Élevage en mer : des saumons qui divisent dans les Maritimes
Des voix s’élèvent dans les Maritimes contre l’élevage de saumon en mer. Les opposants dénoncent cette industrie, qu’ils qualifient de polluante et de néfaste pour la survie des homards et des saumons sauvages. Les salmoniculteurs, quant à eux, font valoir que des milliers d’emplois dépendent de leur industrie et que leurs pratiques respectent l’environnement.
L’opposition citoyenne
Brian Muldoon est au combat. Ce retraité habite au bord de l’océan Atlantique, en Nouvelle-Écosse. Debout sur les galets, il pointe une installation imposante à quelque 500 mètres au large de sa propriété.
Je vais vous présenter ce que l’industrie appelle une ferme piscicole. Mais nous, en Nouvelle-Écosse, on appelle ça un parc industriel d’engraissement de poisson. C’est exactement ce que c’est!
lance-t-il d’une voix assurée.

Brian Muldoon, président de la Protect Liverpool Bay Association, regarde au loin une installation piscicole.
Photo : Radio-Canada / La semaine verte
Il a pris la tête d’une association qui s’oppose à l’élevage de saumon en enclos à filet ouvert dans la baie de Liverpool.
Ici, les citoyens et les élus de la région veulent stopper les projets de l’entreprise Cooke Aquaculture, qui a demandé l’autorisation d’agrandir une ferme piscicole existante et d’en ouvrir deux nouvelles à proximité.
Si le projet est approuvé par les autorités provinciales, ce ne sont plus 400 000 saumons, mais près de 2 millions qui seront élevés dans la baie de Liverpool.
Ce que les opposants craignent par-dessus tout, c’est la pollution que peuvent engendrer de tels sites d'élevage, précise Brian Muldoon.
On y utilise des antibiotiques et il y a les excréments des poissons. On ne voit pas les déjections des poissons. Ils ne les gèrent pas. Ce n'est pas comme si ça restait sous les filets et que quelqu'un venait les ramasser. Alors ils vont où? Ils vont où le courant les amène, c’est-à-dire sur la rive.

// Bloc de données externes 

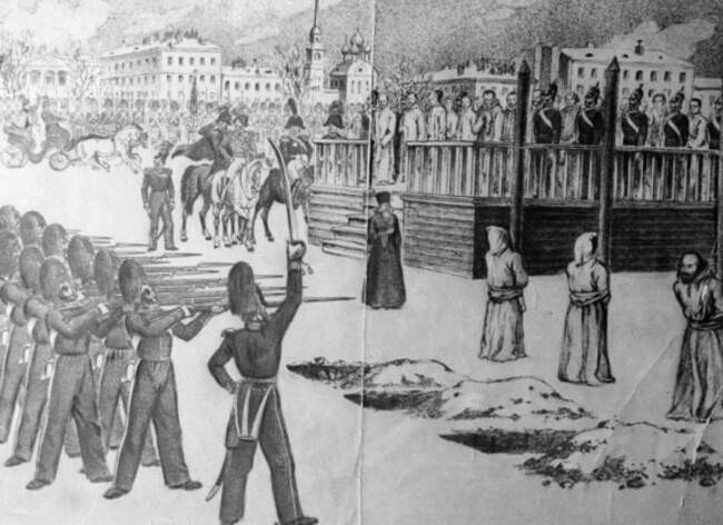 Военный суд приговорил 16 человек, включая самого Петрашевского и отставного поручика Федора Достоевского, к «смертной казни расстрелянием». Царь демонстративно помиловал их, уже привязанных к расстрельным столбам. Казнь заменили каторгой.

Brian Muldoon est président de la Protect Liverpool Bay Association.
Photo : Radio-Canada / La semaine verte
À proximité des installations de Cooke se trouve une des plus belles plages du comté.
On veut que cette magnifique plage demeure intacte, que l’eau reste pure
, souligne Darlene Norman, mairesse de la municipalité régionale de Queens.
Elle représente les élus municipaux de la région, eux aussi opposés aux fermes d’élevage de saumon.

Darlene Norman est mairesse de la municipalité régionale de Queens.
Photo : Radio-Canada / La semaine verte
Mme Norman n'en revient pas que les entreprises d’aquaculture de saumon se désignent comme des fermiers de la mer
.
Sur terre, les fermiers doivent traiter tous leurs excréments et tous les restes de nourriture. Pourquoi un fermier de la mer ne serait-il pas responsable de ses déchets? C’est LA question.
La localité de Liverpool a trouvé des alliés tout le long de la côte atlantique, en Nouvelle-Écosse.
L’association de Brian Muldoon a rejoint le réseau Healthy Bays, un regroupement provincial qui milite contre l’industrie salmonicole.
Cette industrie n’est pas pour la Nouvelle-Écosse. On doit sensibiliser le reste de la province et informer la population de ce qui passe dans ces filets.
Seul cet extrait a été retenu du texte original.